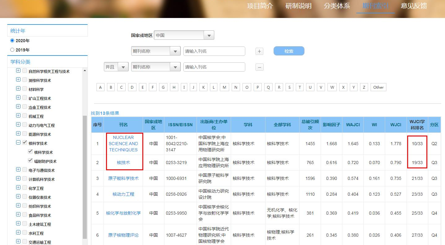 近日,由中國科學技術信息研究所、《中國學術期刊(光盤版)》電子雜志社有限公司、中國科學技術期刊編輯學會等機構聯合研制的期刊評價報告《科技期刊世界影響力指數(WJCI)報告》(2021)(簡稱:《WJCI報告》)正式發布。由中國科學院上海應用物理研究所與中國核學會共同主辦、上海市核學會參與協辦的《Nuclear Science and Techniques》、《核技術》、《輻射研究與輻射工藝學報》三種期刊同時入選。
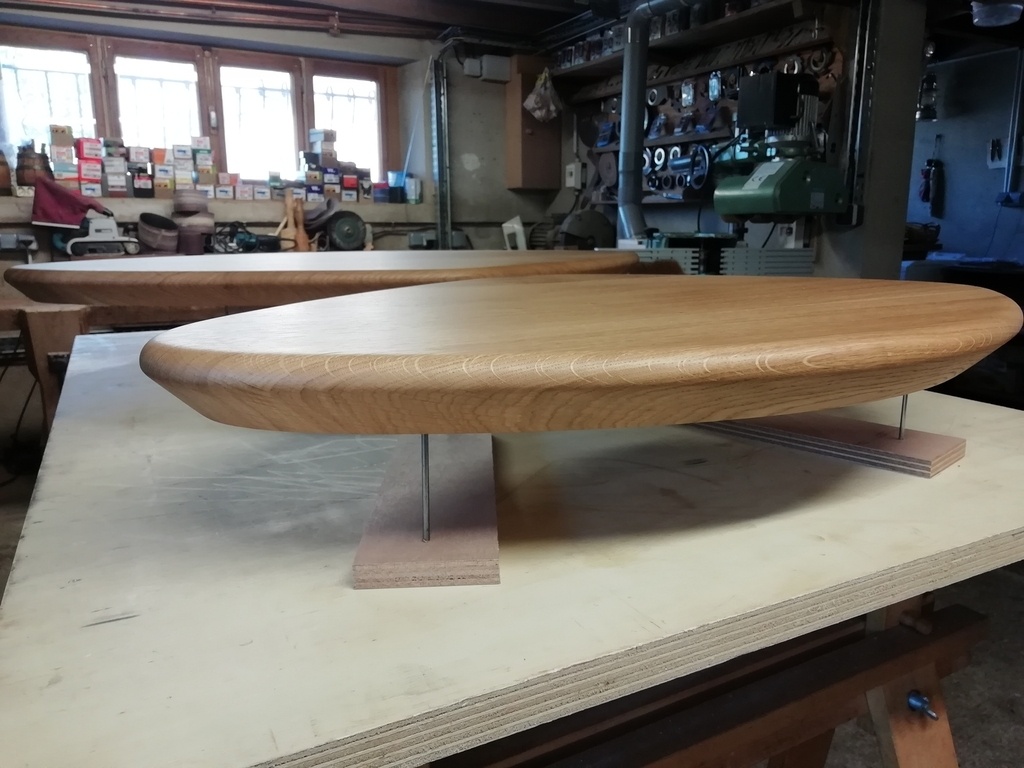 Les tables sont terminées. Je vous fais un retour sur la technique utilisée. Finalement j'ai tout fait à la défonceuse. J'ai hésité à utiliser la toupie avec l'entraîneur en laissant seulement une roue pour maintenir la pièce plaquée sur la table tout en la faisant tourner librement. Mais je trouvais la méthode peu orthodoxe alors j'ai joué la sécurité. Je ne sais pas si vous avez déjà expérimenté cette methode ?
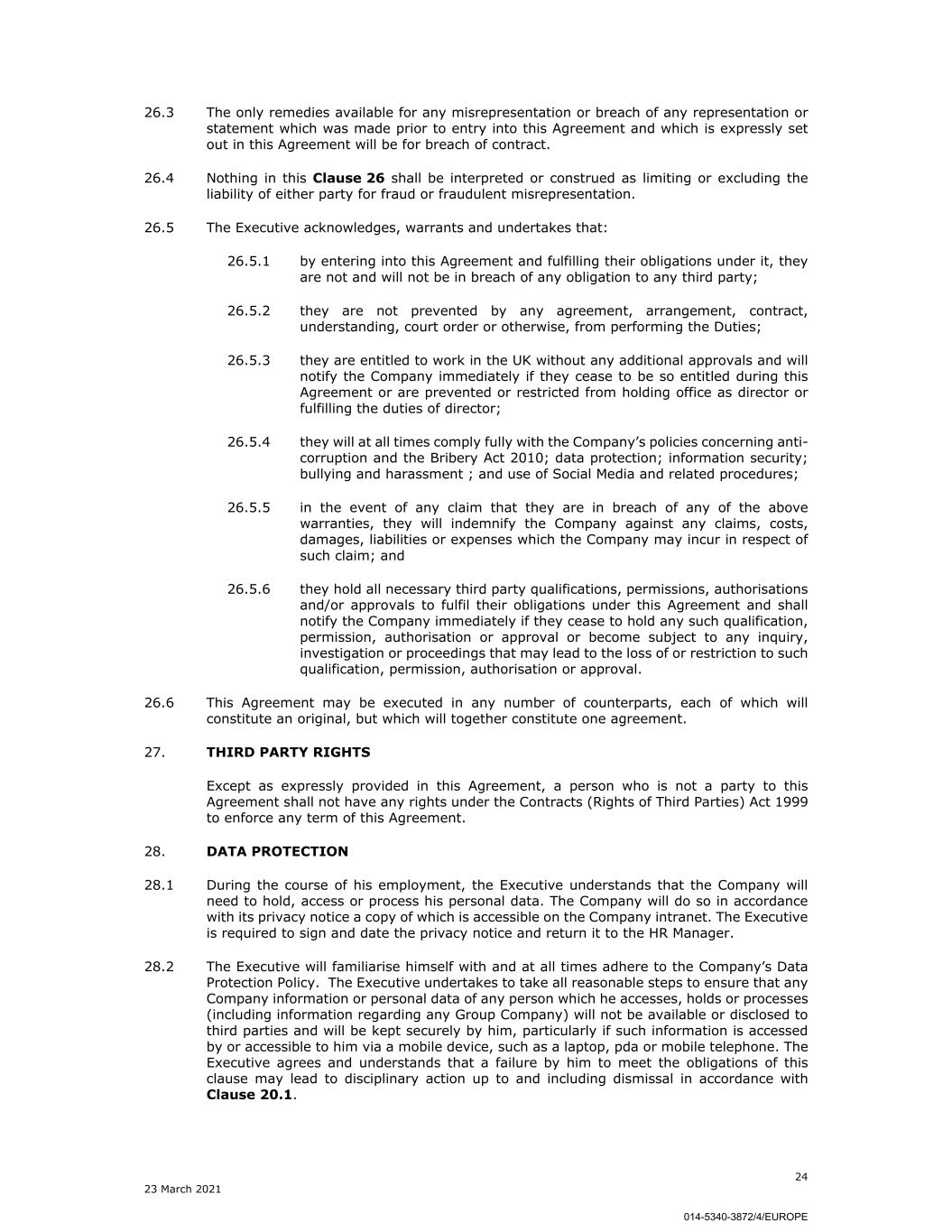 24 23 March 2021 014-5340-3872/4/EUROPE 26.3 The only remedies available for any misrepresentation or breach of any representation or statement which was made prior to entry into this Agreement and which is expressly set out in this Agreement will be for breach of contract. 26.4 Nothing in this Clause 26 shall be interpreted or construed as limiting or excluding the liability of either party for fraud or fraudulent misrepresentation. 26.5 The Executive acknowledges, warrants and undertakes that: 26.5.1 by entering into this Agreement and fulfilling their obligations under it, they are not and will not be in breach of any obligation to any third party; 26.5.2 they are not prevented by any agreement, arrangement, contract, understanding, court order or otherwise, from performing the Duties; 26.5.3 they are entitled to work in the UK without any additional approvals and will notify the Company immediately if they cease to be so entitled during this Agreement or are prevented or restricted from holding office as director or fulfilling the duties of director; 26.5.4 they will at all times comply fully with the Company’s policies concerning anti- corruption and the Bribery Act 2010; data protection; information security; bullying and harassment ; and use of Social Media and related procedures; 26.5.5 in the event of any claim that they are in breach of any of the above warranties, they will indemnify the Company against any claims, costs, damages, liabilities or expenses which the Company may incur in respect of such claim; and 26.5.6 they hold all necessary third party qualifications, permissions, authorisations and/or approvals to fulfil their obligations under this Agreement and shall notify the Company immediately if they cease to hold any such qualification, permission, authorisation or approval or become subject to any inquiry, investigation or proceedings that may lead to the loss of or restriction to such qualification, permission, authorisation or approval. 26.6 This Agreement may be executed in any number of counterparts, each of which will constitute an original, but which will together constitute one agreement. 27. THIRD PARTY RIGHTS Except as expressly provided in this Agreement, a person who is not a party to this Agreement shall not have any rights under the Contracts (Rights of Third Parties) Act 1999 to enforce any term of this Agreement. 28. DATA PROTECTION 28.1 During the course of his employment, the Executive understands that the Company will need to hold, access or process his personal data. The Company will do so in accordance with its privacy notice a copy of which is accessible on the Company intranet. The Executive is required to sign and date the privacy notice and return it to the HR Manager. 28.2 The Executive will familiarise himself with and at all times adhere to the Company’s Data Protection Policy. The Executive undertakes to take all reasonable steps to ensure that any Company information or personal data of any person which he accesses, holds or processes (including information regarding any Group Company) will not be available or disclosed to third parties and will be kept securely by him, particularly if such information is accessed by or accessible to him via a mobile device, such as a laptop, pda or mobile telephone. The Executive agrees and understands that a failure by him to meet the obligations of this clause may lead to disciplinary action up to and including dismissal in accordance with Clause 20.1.

→ EXERCISE DESCRIPTION
Return the opening line of the data above and every line after it up to and including the line that holds "Les tables sont"; pictures stay out.

→ WRITTEN SOLUTION
 近日,由中國科學技術信息研究所、《中國學術期刊(光盤版)》電子雜志社有限公司、中國科學技術期刊編輯學會等機構聯合研制的期刊評價報告《科技期刊世界影響力指數(WJCI)報告》(2021)(簡稱:《WJCI報告》)正式發布。由中國科學院上海應用物理研究所與中國核學會共同主辦、上海市核學會參與協辦的《Nuclear Science and Techniques》、《核技術》、《輻射研究與輻射工藝學報》三種期刊同時入選。
 Les tables sont terminées. Je vous fais un retour sur la technique utilisée. Finalement j'ai tout fait à la défonceuse. J'ai hésité à utiliser la toupie avec l'entraîneur en laissant seulement une roue pour maintenir la pièce plaquée sur la table tout en la faisant tourner librement. Mais je trouvais la méthode peu orthodoxe alors j'ai joué la sécurité. Je ne sais pas si vous avez déjà expérimenté cette methode ?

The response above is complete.